Some IP table stuff: http://www.gentoo.org/doc/en/home-router-howto.xml

----------

## mardi_soir

thanks but  it does not help me very much .. 

only msn does not work 

i dont understand

----------

## mardi_soir

done !!!!!!!!!!

with this it works > 

```

echo "+ on accepte la connection a msn 1863"

iptables -A INPUT -i $WAN --protocol tcp --source-port 1863 -m state --state RELATED,ESTABLISHED -j ACCEPT

iptables -A OUTPUT -o $WAN --protocol tcp --destination-port 1863 -m state --state NEW,ESTABLISHED -j ACCEPT 
```

----------

## blue_american

Hi,

I'm having the same problem with msn and smtp, I can't connect to both.

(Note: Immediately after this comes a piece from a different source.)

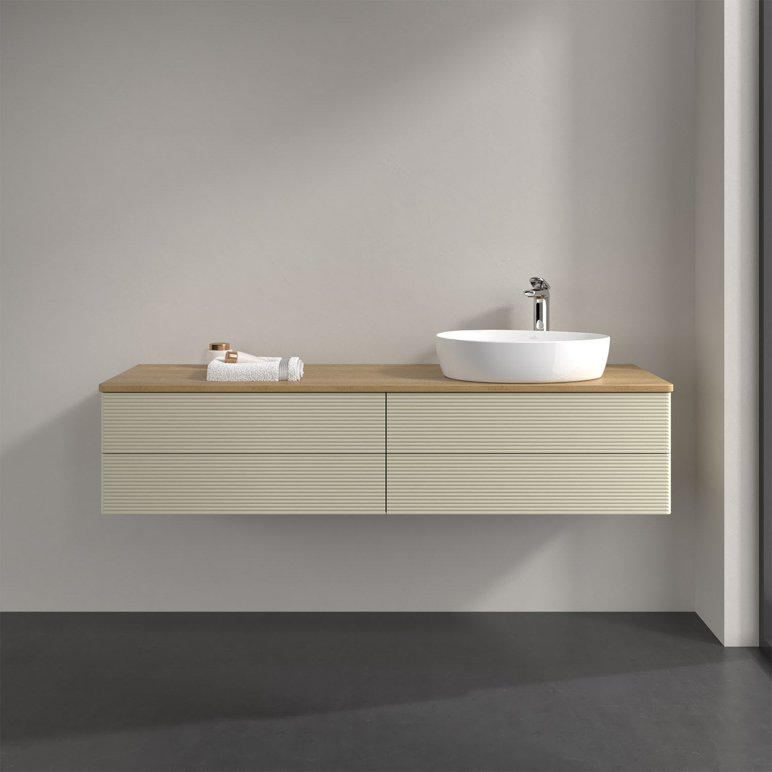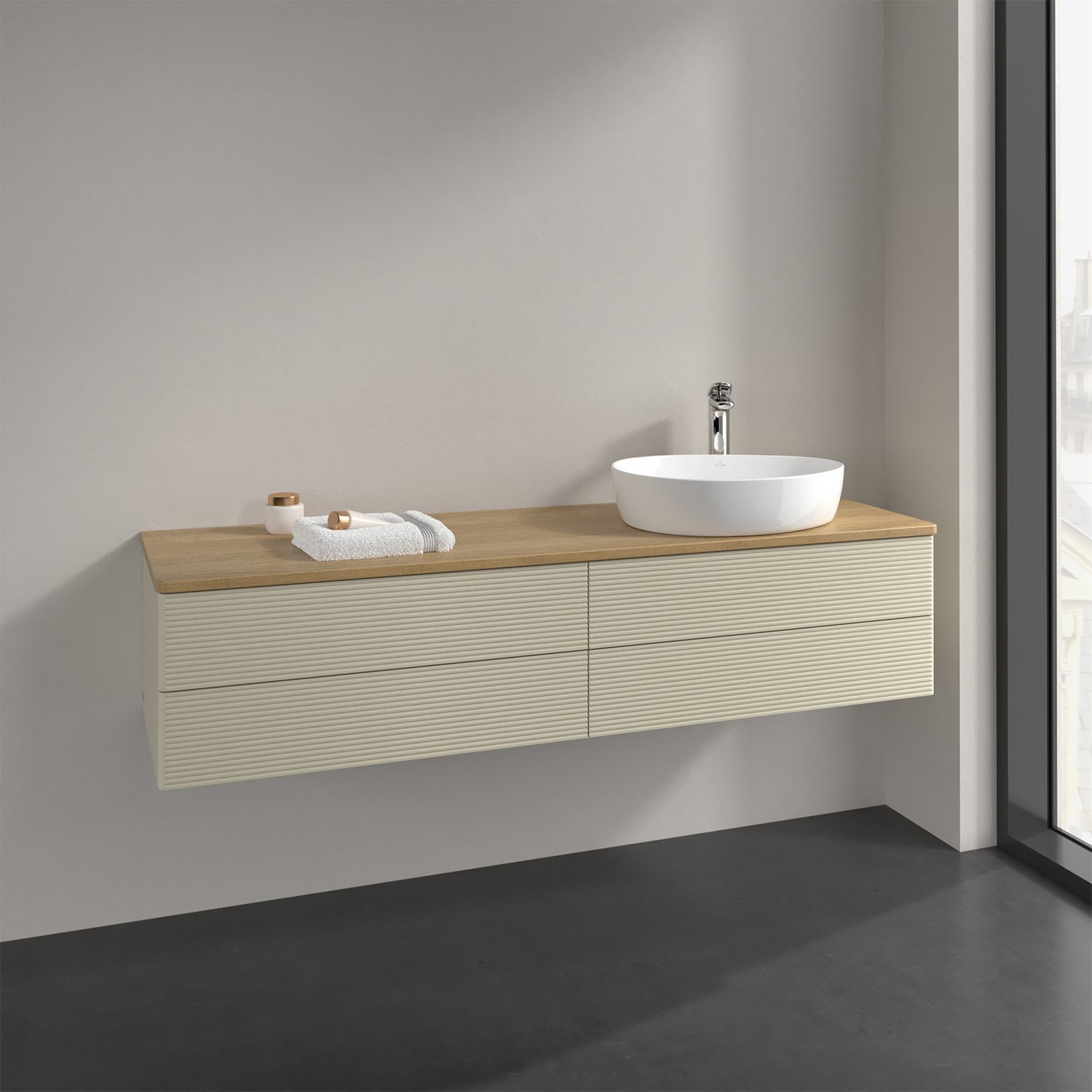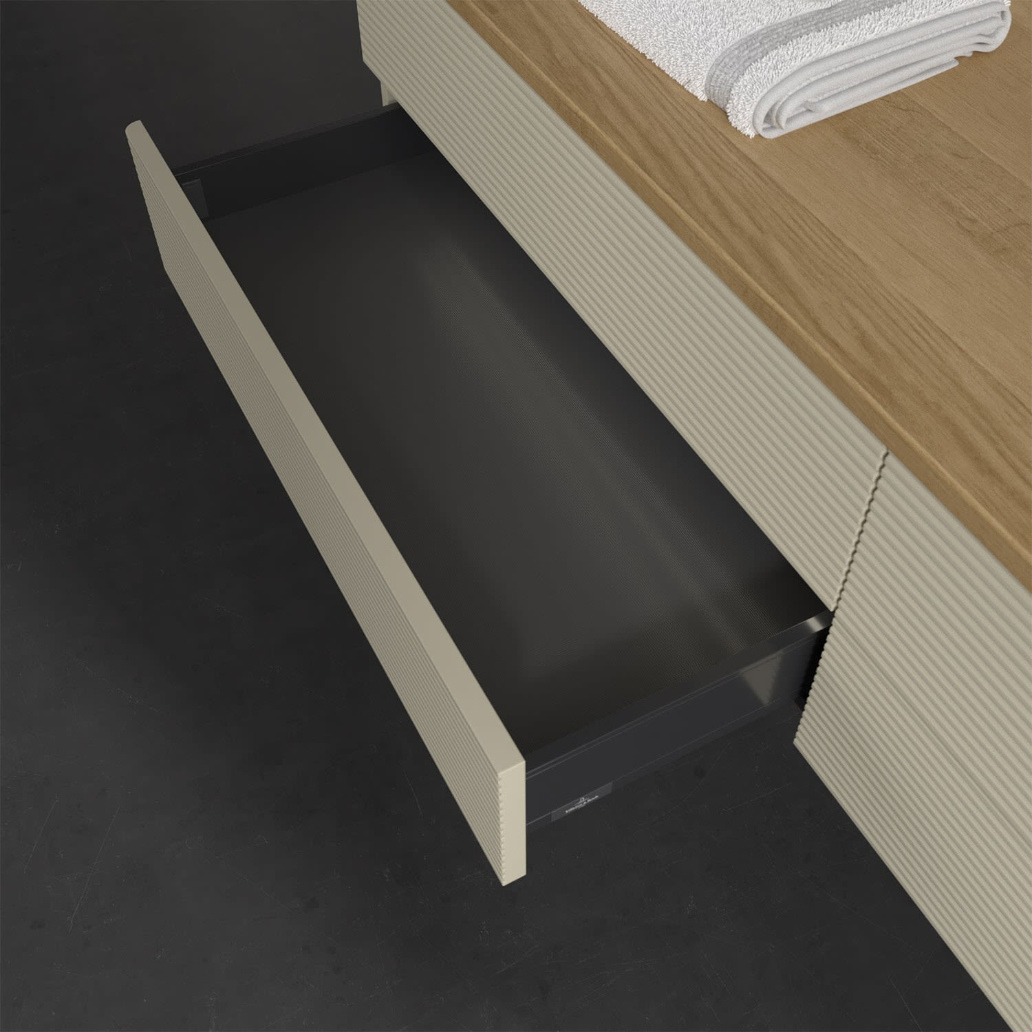 Villeroy & Boch Antao Waschbeckenunterschrank, 160 x 36 cm, 4 Auszüge mit LED-Licht, Front mit Struktur, mit Hahnloch, für Waschtisch rechts

I tried your trick but doesn't worked  :Sad: 

I'm getting desperate with this...

----------

## meekamoo

Hi all!

I am also experiencing the same problem. EVERYTHING works without a problem. All pc's behind NAT can access internet directly without any problems. Except MSN  :Sad: 

I'm running ipkungfu firewall at the moment. I used to run gshield on my suse enterprise server (which worked) but even when I tried gshield on my new gentoo box that was still unsuccessful. I moved to ipkungfu on the chance that it would work.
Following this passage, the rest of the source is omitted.